__Prompt__:
Starting at the line with "women Serisse 2pcs/Set", return every line through the final one of the data, word for word. Pictures stay out.

__Dataset extract__:
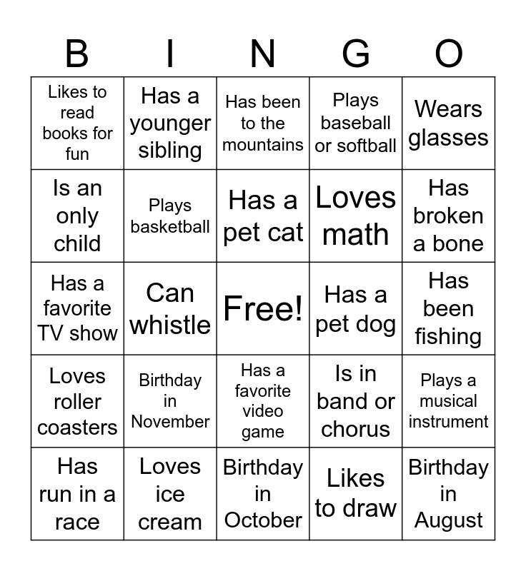 This bingo card has a free space and 50 words: Birthday in July, Birthday in August, Birthday in September, Birthday in October, Birthday in November, Birthday in December, Has a younger sibling, Has an older sibling, Is an only child, Plays soccer, Plays basketball, Plays baseball or softball, Plays a musical instrument, Is in band or chorus, Has been on an airplane, Has been out of the country, Has a pet cat, Has a pet dog, Has a pet other than a cat or dog, Wears glasses, Can whistle, Likes to draw, Likes to read books for fun, Loves math, Loves science, Can ride a bike without training wheels, Has broken a bone, Has been to the beach, Has been to the mountains, Has a favorite video game, Speaks more than one language, Has been in a school play, Has met someone famous, Loves pizza, Loves ice cream, Can swim, Can do a cartwheel, Has been camping, Has ridden a horse, Has been fishing, Likes to bake or cook, Can snap their fingers, Is left-handed, Has a favorite sports team, Has run in a race, Has a favorite TV show, Can sing well, Has traveled to another state, Loves roller coasters and Likes spicy food.
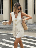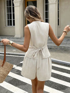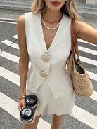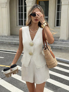 women Serisse 2pcs/Set Women's Summer Simple Fashion Shell Metal Button Camisole And Shorts Set
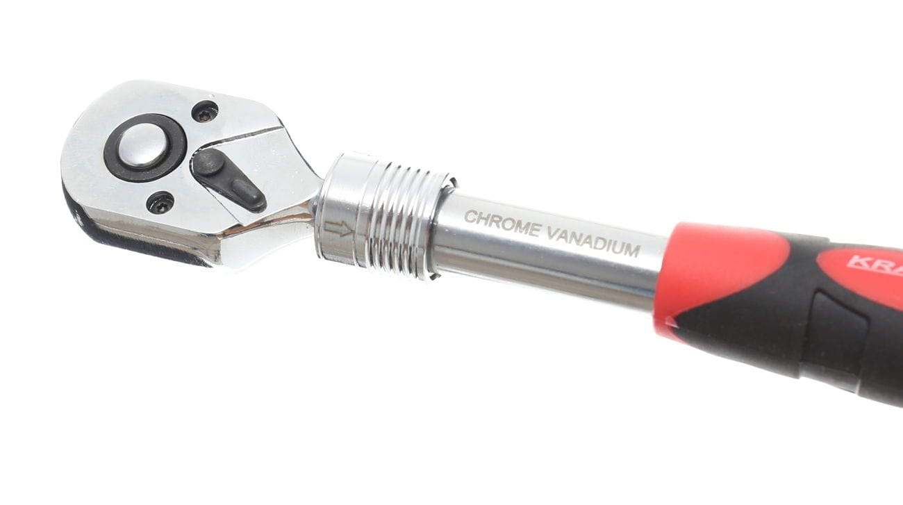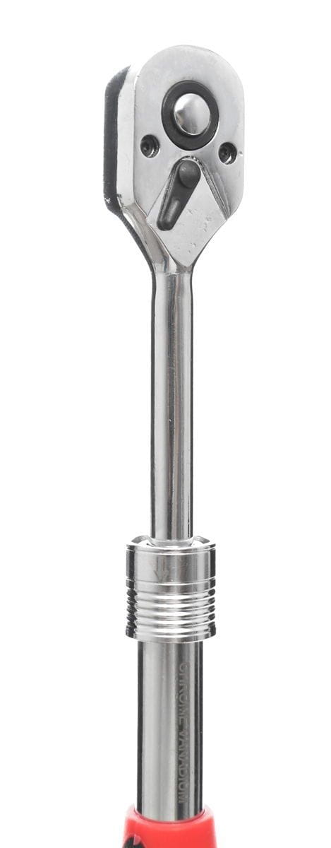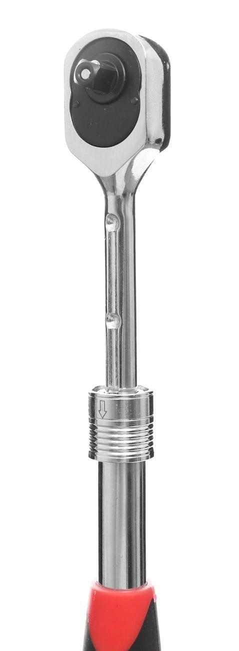 Grzechotka teleskopowa z napędem 1/2" przeznaczona do prac montażowych i serwisowych przy użyciu nasadek calowych i metrycznych. Teleskopowy trzonek umożliwia regulację długości roboczej bez konieczności wymiany narzędzia, co skraca czas pracy w trudno dostępnych miejscach. Mechanizm zapadkowy z 72 zębami zapewnia precyzyjny kąt obrotu wynoszący 5°.

__Answer to the problem__:
 women Serisse 2pcs/Set Women's Summer Simple Fashion Shell Metal Button Camisole And Shorts Set
 Grzechotka teleskopowa z napędem 1/2" przeznaczona do prac montażowych i serwisowych przy użyciu nasadek calowych i metrycznych. Teleskopowy trzonek umożliwia regulację długości roboczej bez konieczności wymiany narzędzia, co skraca czas pracy w trudno dostępnych miejscach. Mechanizm zapadkowy z 72 zębami zapewnia precyzyjny kąt obrotu wynoszący 5°.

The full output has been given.